Mary Rose Hill Burton (20 August 1857 – 5 June 1900) was a Scottish artist and conservationist.
Mary Rose Hill Burton was born in Edinburgh in 1857, into a well-educated and prominent family: her father was historian John Hill Burton, and her grandfather was legal scholar Cosmo Innes. Her uncle was Robert Finlay, who served as Lord Chancellor of Great Britain; and her aunt, Mary Burton, was the first female director of the Watt Institution and School of Arts in Edinburgh. Mary Rose's mother, Katherine Innes Burton, had studied sculpture before working as a nurse in the Crimean War, and was an officer in the Edinburgh Ladies' Educational Association (ELEA). The Burtons were friends to the young Arthur Conan Doyle.
Mary Rose was educated with support from the Edinburgh Association for the University Education of Women, and pursued further art studies in Munich and Paris, under the instruction of Gustave Courtois and Raphael Collins, among others.
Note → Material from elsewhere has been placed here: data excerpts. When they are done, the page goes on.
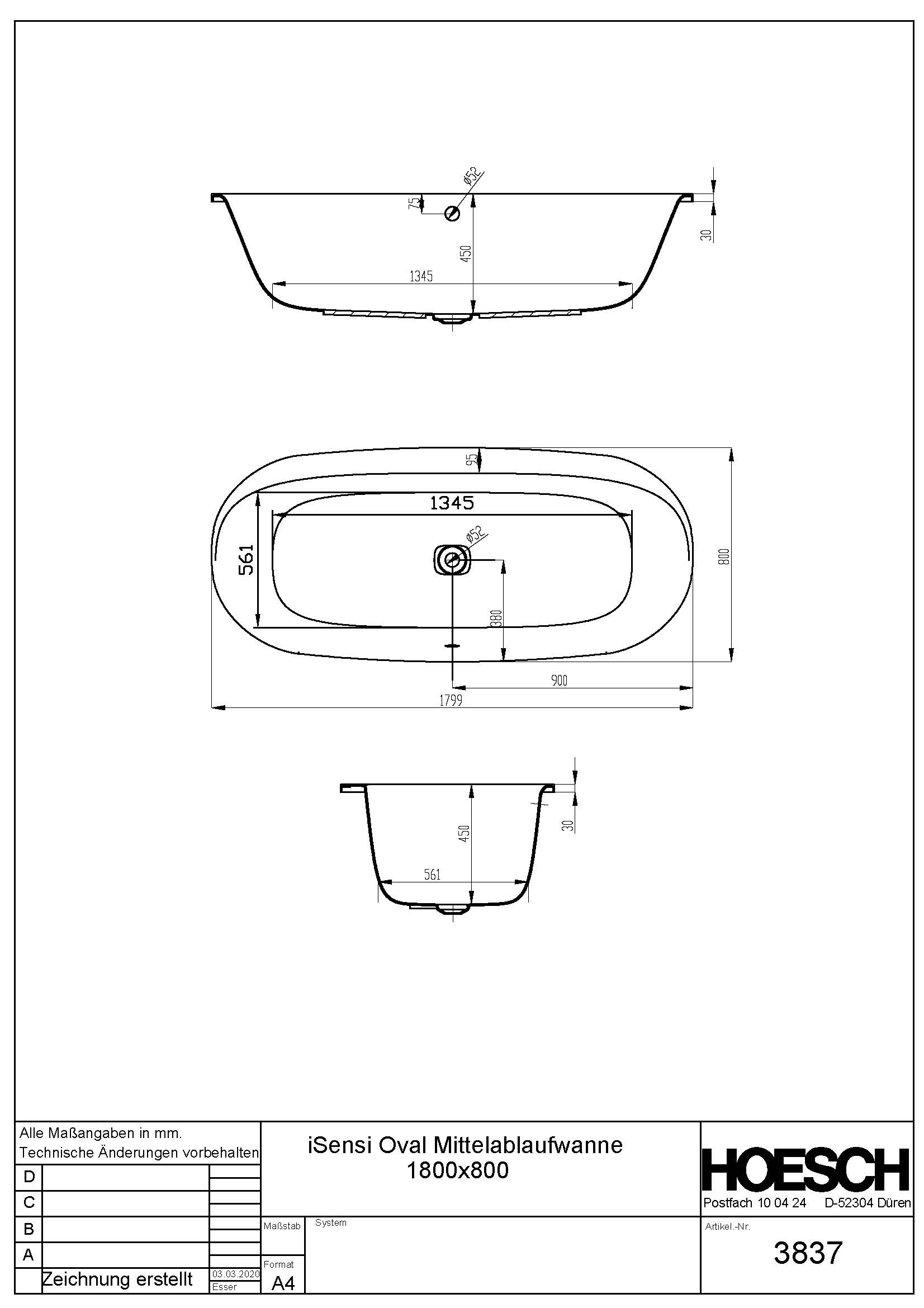 Badewanne Acryl iSensi Oval 180x80cm ohne Füsse weiss Hoesch
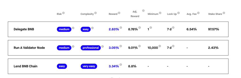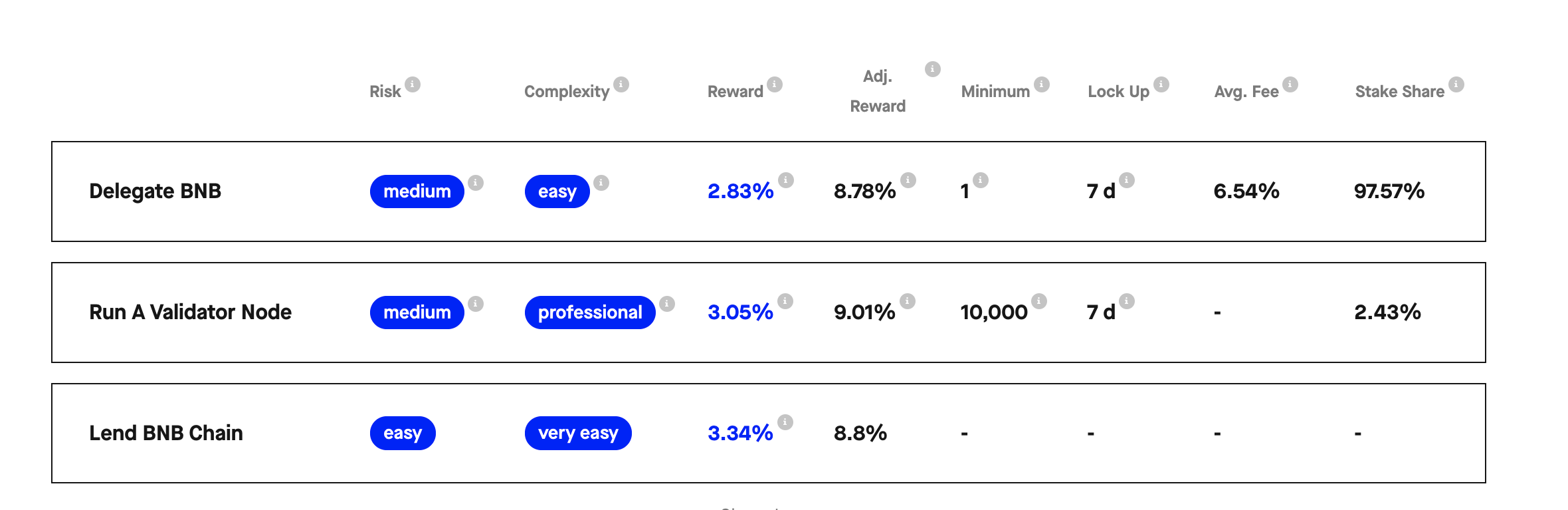 ถ้างั้นเราควรจะ all-in ไปกับ BNB เลยไหม เพราะเป็นเหรียญที่ market cap สูงติด top 10 แล้วยังให้ real yeild สูงอีกต่างหาก ปริมาณที่เหรียญถูกนำไป stake ก็สูงมากถคง 97.93% (staking Ratio) ดูมั่นคงสุดๆ อย่าพี่งรีบตัดสินใจ ถ้าสนใจเหรียญไหนให้คลิ๊กไปที่ชื่อเหรียญนั้นๆ เพื่อเข้าใจถึงรายละเอียดการ Stake เหรียญนั้นๆเสียก่อน ยกตัวอย่างเช่น BNB ถ้า คลิ๊กเข้าไปก็จะทราบรายละเอียดดังภาพ
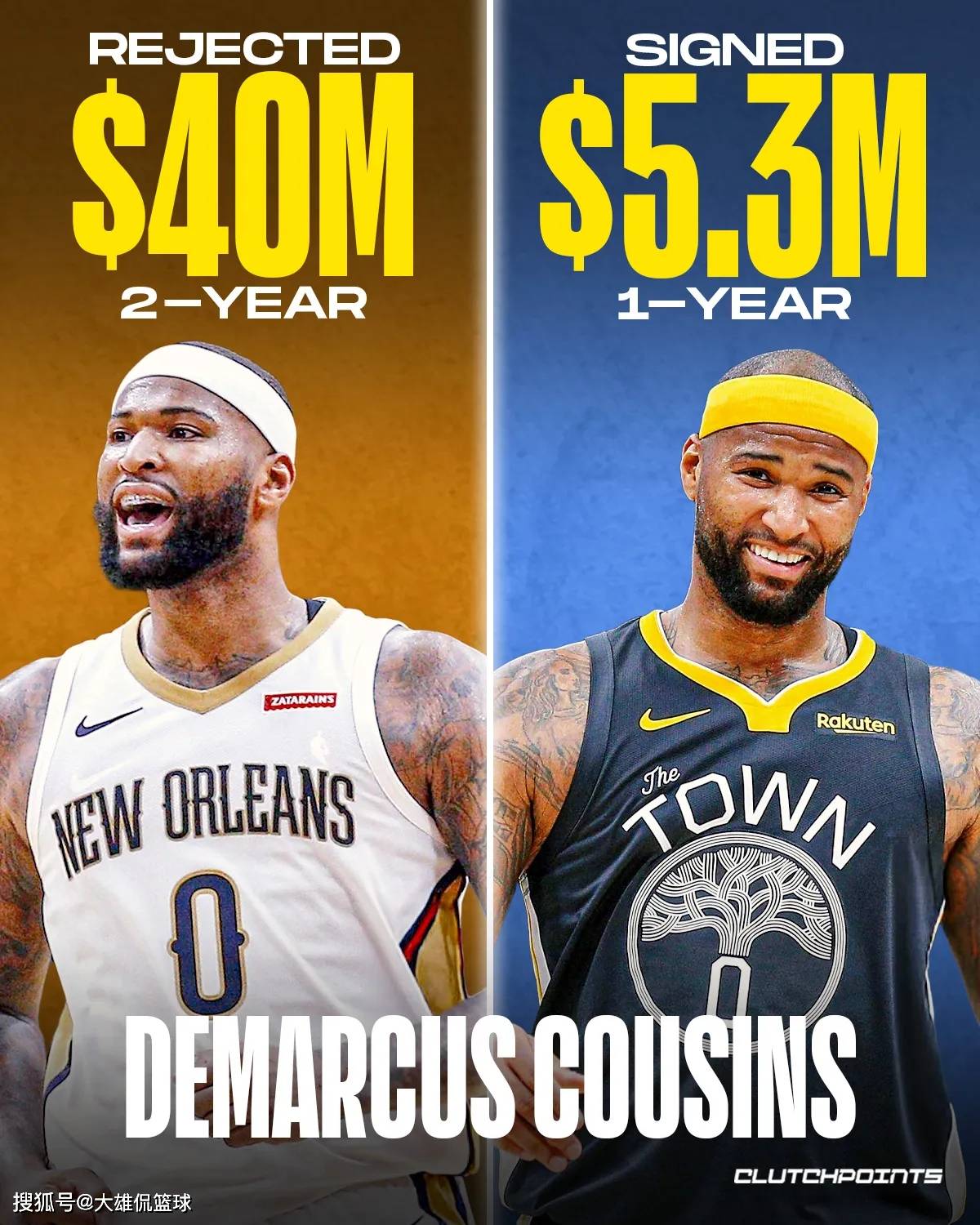 拒绝鹈鹕2年4000万美元的合同,结果在金州勇士队拿着一年530万美元的合同。当时考辛斯在鹈鹕受伤,鹈鹕给出的合同,已经很不错了。结果,他索要更大的合同,这也是导致鹈鹕不得不放弃他。考辛斯加入金州勇士队,想要夺冠复仇鹈鹕,结果金州勇士队总决赛不敌猛龙,错失总冠军。从那以后,他也是颠沛流离,甚至一度只能跑到海外去打球。
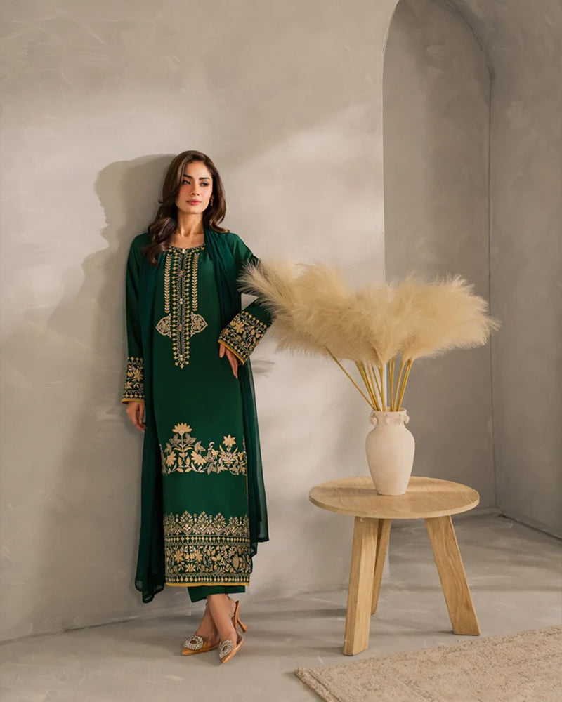 This 3-piece stitched, ready-to-wear set brings luxury to your wardrobe with delicate hand embellishment, premium...
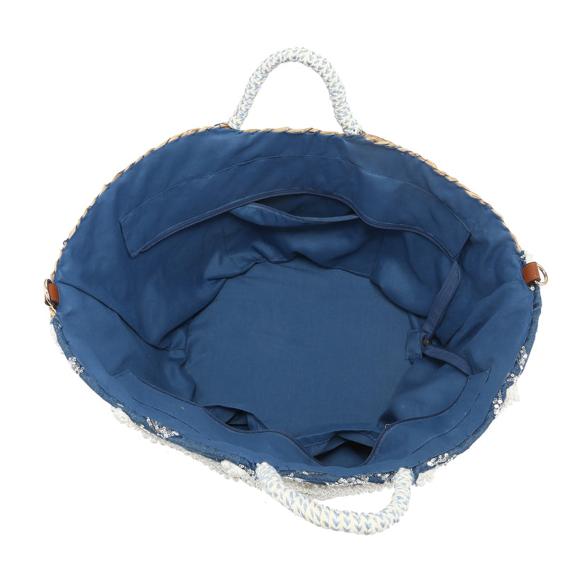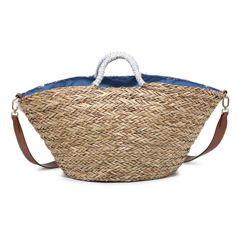 - Denim-tekstureret stof lagdelt over struktureret halmbase
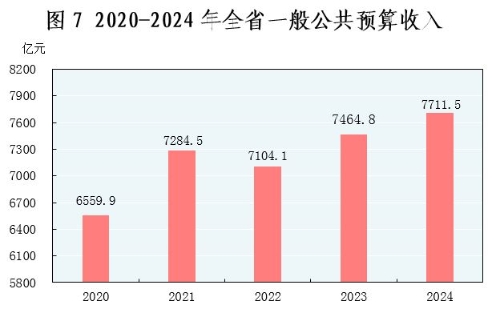 全年全省一般公共预算收入7711.5亿元,比上年增长3.3%。其中,税收收入5039.6亿元,下降3.6%。一般公共预算支出13077.2亿元,增长3.9%。其中,民生支出10368亿元,占财政支出的比重为79.3%。交通运输、城乡社区、农林水等支出增长较快。
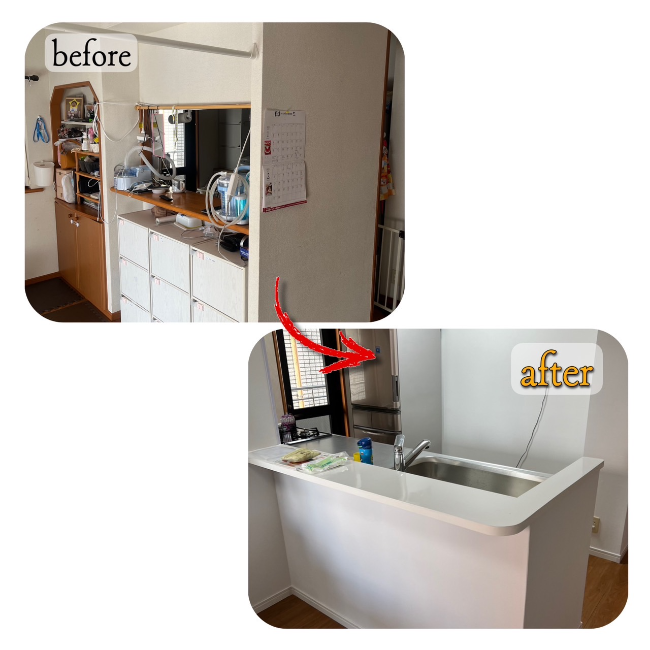 キッチン横の壁を撤去し、見た目もスッキリで見渡しもよくなりお子様なども目が届くので安心できるようになりました。ありがとうございました。

Mary Rose Hill Burton's paintings (still lifes, landscapes, and street scenes) were exhibited through the Royal Scottish Academy and the Society of Scottish Artists. She was a founder of the Edinburgh Lady Artists' Club (1889). In 1895 and 1896, she had two solo exhibitions in London, to showcase works from her travels in Japan, painted while visiting her older brother W. K. Burton. Burton painted murals as well, most notably a series of panels depicting the seasons, in the dining room of St. Giles' House, Ramsay Garden, the property of sociologist Patrick Geddes. "Miss Hill Burton may be heartily congratulated upon the complete success of her undertaking," noted a contemporary critic of the mural. She also taught a course in "Painting and Decoration" at the Old Edinburgh School of Art.